:: AVAILABLE RECORDS

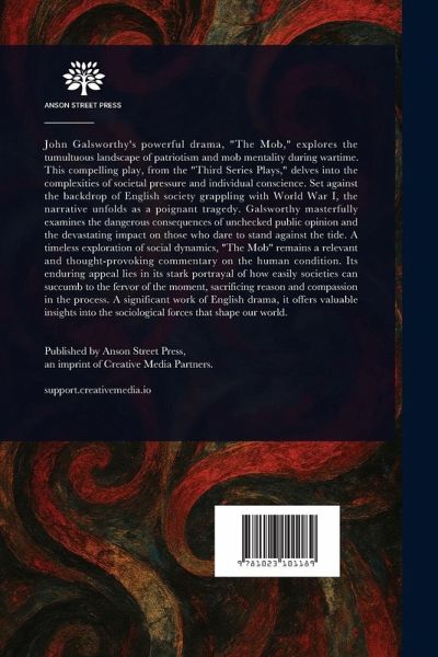 John Galsworthy's powerful drama, "The Mob," explores the tumultuous landscape of patriotism and mob mentality during wartime. This compelling play, from the "Third Series Plays," delves into the complexities of societal pressure and individual conscience. Set against the backdrop of English society grappling with World War I, the narrative unfolds as a poignant tragedy. Galsworthy masterfully examines the dangerous consequences of unchecked public opinion and the devastating impact on those who dare to stand against the tide. A timeless exploration of social dynamics, "The Mob" remains a…mehr
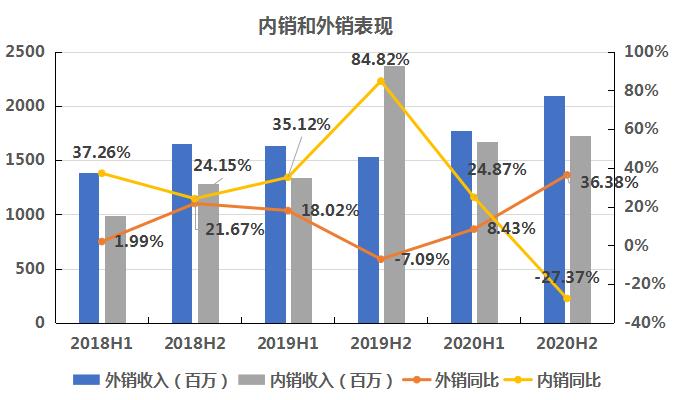 从上图可以看到,2020年下半年,公司外销业务增长了36.38%,增速创了2018年以来的新高,但是内销业务的拖累也非常明显。公司2020年下半年的内销业务萎缩了27.37%。
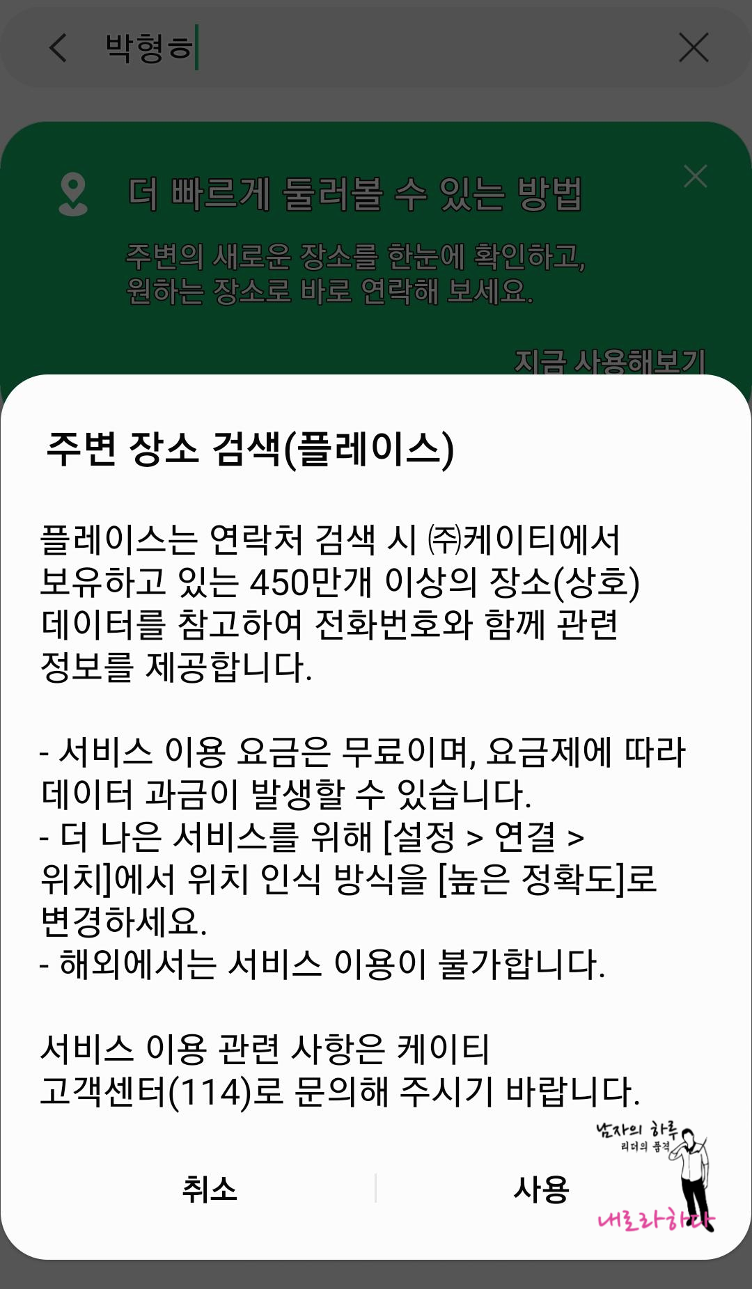 5. 450만개 이상의 장소 데이터를 참고하여 전화번호와 함께 관련 정보를 제공합니다. 서비스 이용 요금은 무료이며, 요금제에 따라 데이터 과금이 발생할 수 있습니다. 더 나은 서비스를 위해 [설정 > 연결 > 위치]에서 위치 인식 방식을 [높은 정확도]로 변경하면 됩니다. 해외에서는 이용이 불가합니다. 관련 문의는 케이티 고객센터 114로 문의하시기 바랍니다.
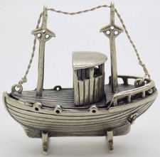 Vintage Italian Handmade Genuine Silver Fisherman Boat Large Figurine Miniature
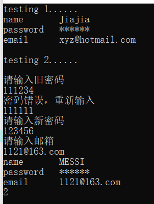 User user1("Jiajia", "123456", "xyz@hotmail.com");

::::

*DIRECTIONS*.
Return the data verbatim, leaving out the pictures it holds.

*ANSWER BOX*.
 John Galsworthy's powerful drama, "The Mob," explores the tumultuous landscape of patriotism and mob mentality during wartime. This compelling play, from the "Third Series Plays," delves into the complexities of societal pressure and individual conscience. Set against the backdrop of English society grappling with World War I, the narrative unfolds as a poignant tragedy. Galsworthy masterfully examines the dangerous consequences of unchecked public opinion and the devastating impact on those who dare to stand against the tide. A timeless exploration of social dynamics, "The Mob" remains a…mehr
 从上图可以看到,2020年下半年,公司外销业务增长了36.38%,增速创了2018年以来的新高,但是内销业务的拖累也非常明显。公司2020年下半年的内销业务萎缩了27.37%。
 5. 450만개 이상의 장소 데이터를 참고하여 전화번호와 함께 관련 정보를 제공합니다. 서비스 이용 요금은 무료이며, 요금제에 따라 데이터 과금이 발생할 수 있습니다. 더 나은 서비스를 위해 [설정 > 연결 > 위치]에서 위치 인식 방식을 [높은 정확도]로 변경하면 됩니다. 해외에서는 이용이 불가합니다. 관련 문의는 케이티 고객센터 114로 문의하시기 바랍니다.
 Vintage Italian Handmade Genuine Silver Fisherman Boat Large Figurine Miniature
 User user1("Jiajia", "123456", "xyz@hotmail.com");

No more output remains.